眾人紛紛點頭,也不斷的夸贊李肇基仁義大度。

「唐沐,你這善後的銀錢處置,何時進行。」有人問到。

唐沐說︰「十月十五號,就選在廣州飛鴻樓,到時候,大掌櫃也就回來了,也不光是諸位,還有澳門的一些佛朗機商人,也會給予一樣的待遇。若是大掌櫃沒有回來,便由劉明德劉掌櫃來進行處置。

大家心安便是,那個金冬瓜,便可鎖在南園的庫房里,我只留兩個人看守。大家以為如何?」

「哎呀呀,你這麼說,倒是讓人覺得老夫信不過你們了。不是那個意思,老夫就是想著,到時候安排掌櫃去會賬。」方才問話的士紳連忙解釋,但誰都知道他這是一套說辭。

士紳們也沒有提出異議,算起來,這筆賬目以十萬計數,可不是唐沐一個年紀輕輕的親隨可以處置的。

「大公子,請您清出一間庫房來吧。」唐沐說。

「當真要把這金冬瓜暫存南園嗎?如今貴社在海外與倭人對陣,可少不了用銀錢的地方呀。」陳懷仁說。

「這是大掌櫃的安排,要安大家的心。俗話說,大炮一響,黃金萬兩。打仗這種事,多少銀子倒進去,都連渣滓都剩不下來,大掌櫃說,若是金冬瓜在他手里,融了花銷了,可對不住各位。」唐沐起身,沉聲說道。

眾士紳紛紛勸說︰「懷仁呀,人家東方商社一番好意,你怎好拂人面子,還是安排吧。」

陳懷仁起身,帶著唐沐去了。

徐老爺看著二人出去,微微點頭,說道︰「看到沒有,這就是人家東方商社的氣度,這就是人家李肇基的謀略,凡事想到咱們前面,凡事不讓咱們這些伙伴為難,和他合作,咱們吃不了虧。」

黃老爺也是放下筷子說︰「說的是,大家伙看看那個唐沐,看起來似乎是個年少又粗鄙的人。但實際上,做起事來,一樁樁一件件的,很有章法。我手下的那些個掌櫃的,要是有他一半,我也就燒高香了。」

「是,你看他剛進南園時,先是打了陳家的人,又在花廳當著這麼多人和陳老先生作對。便是做了把命交代在這里的打算呀,可你在瞧瞧下午陳老先生走的時候,人家又跪在地上,扶陳老先生上馬,苦苦哀求老先生原諒。

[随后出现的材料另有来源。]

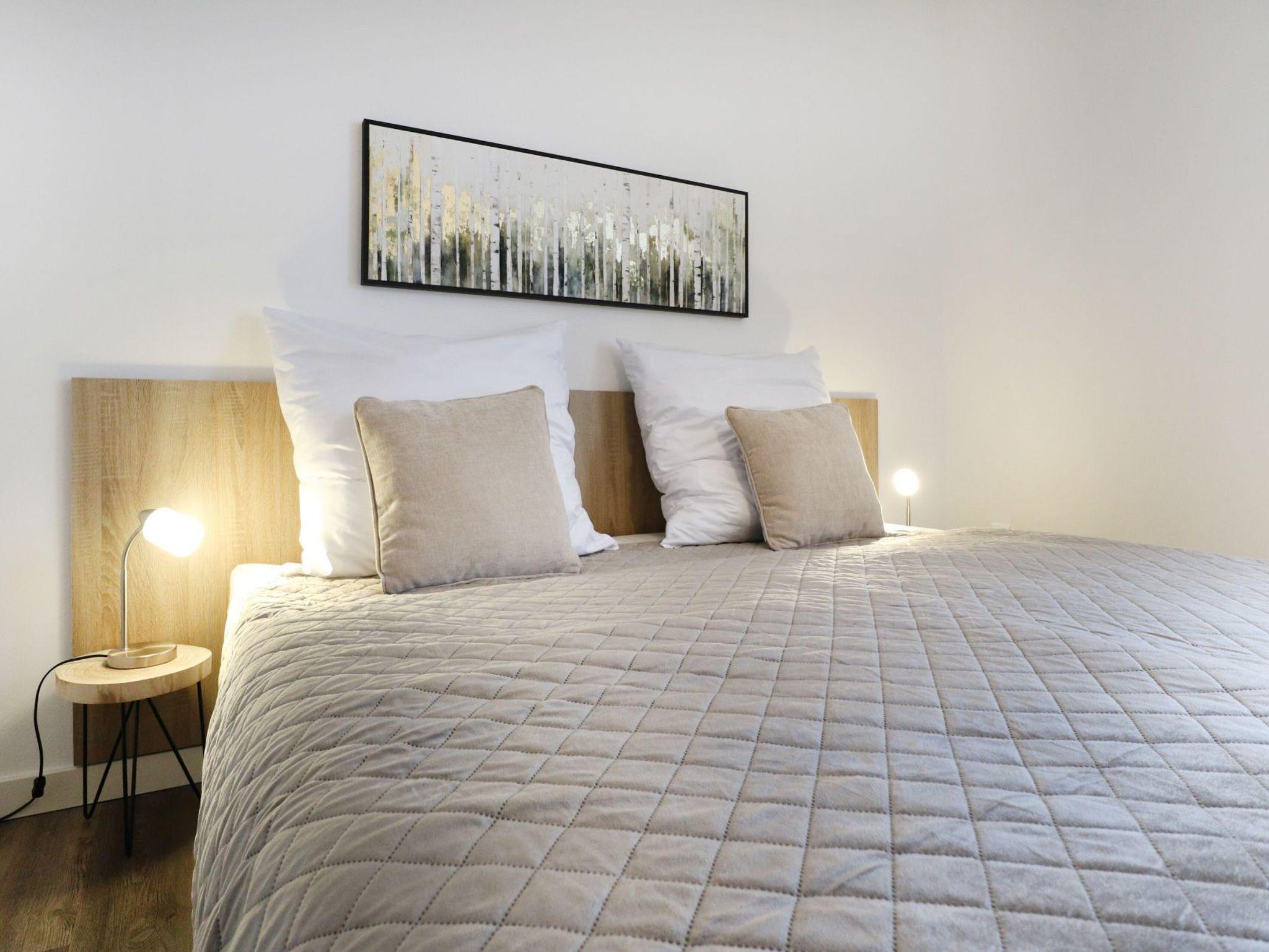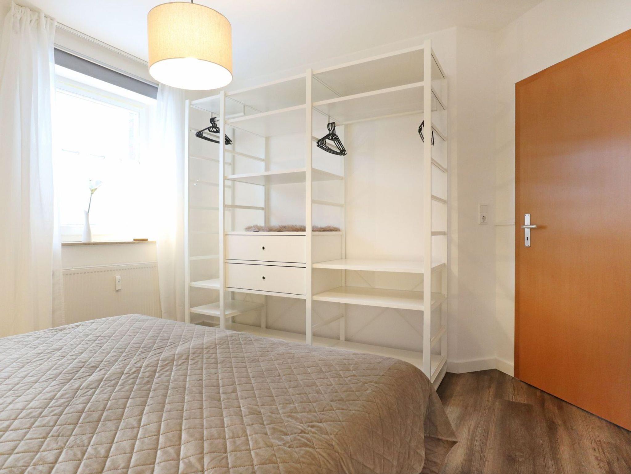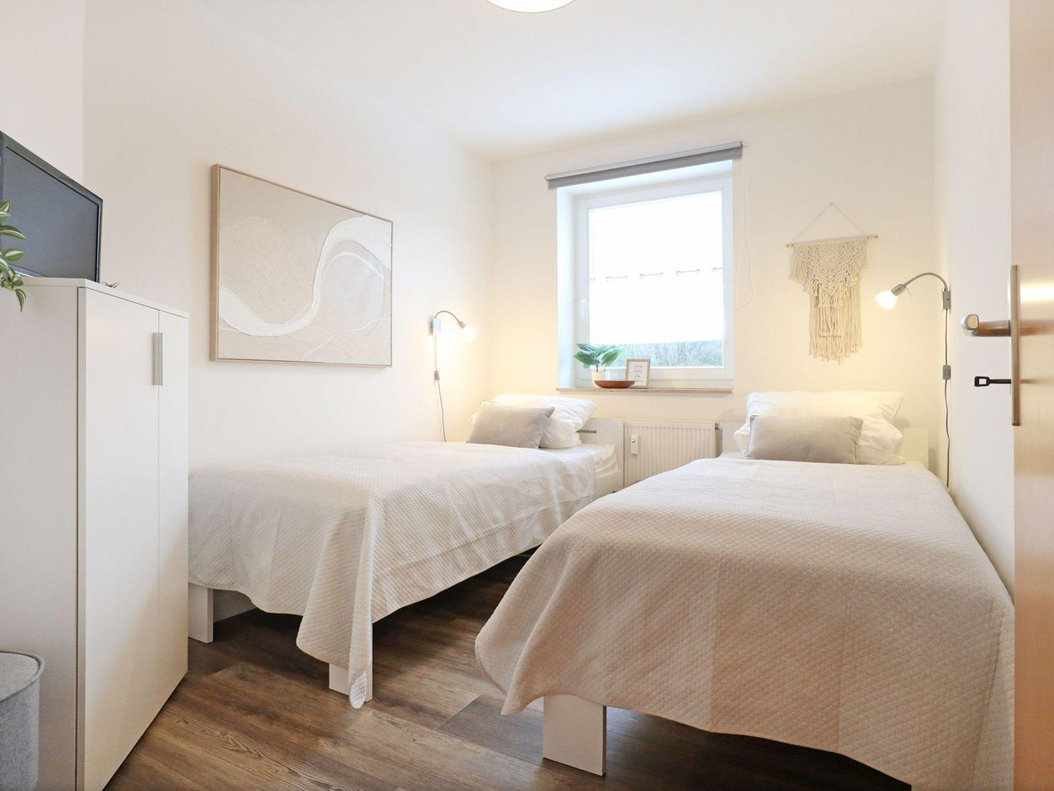 Sehr vorteilhaft bietet das Appartement zwei separate Schlafzimmer. Eines der Schlafzimmer verfügt über ein Doppelbett und eine offene Kleiderablage. Das zweite Schlafzimmer ist mit zwei Einzelbetten, einer Kommode sowie Fernseher mit DVD-Player ausgestattet.

這孩子年紀雖然不大,卻是個能屈能伸的。」徐老爺笑著說。

韶州府來的齊老爺拱手問道︰「徐兄,黃兄,在座諸位里,你們二人與李肇基更為熟絡,你們瞧著,他把這金子暫存南園,是個什麼意圖?」

徐老爺呵呵一笑︰「把金冬瓜存南園,又窮盡辦法相救四公子,就是不想與陳家為難。」

「徐兄所言極是。但我覺得,也不只是與陳家為難,更不想與咱們關系惡化。」黃老爺湊趣說道。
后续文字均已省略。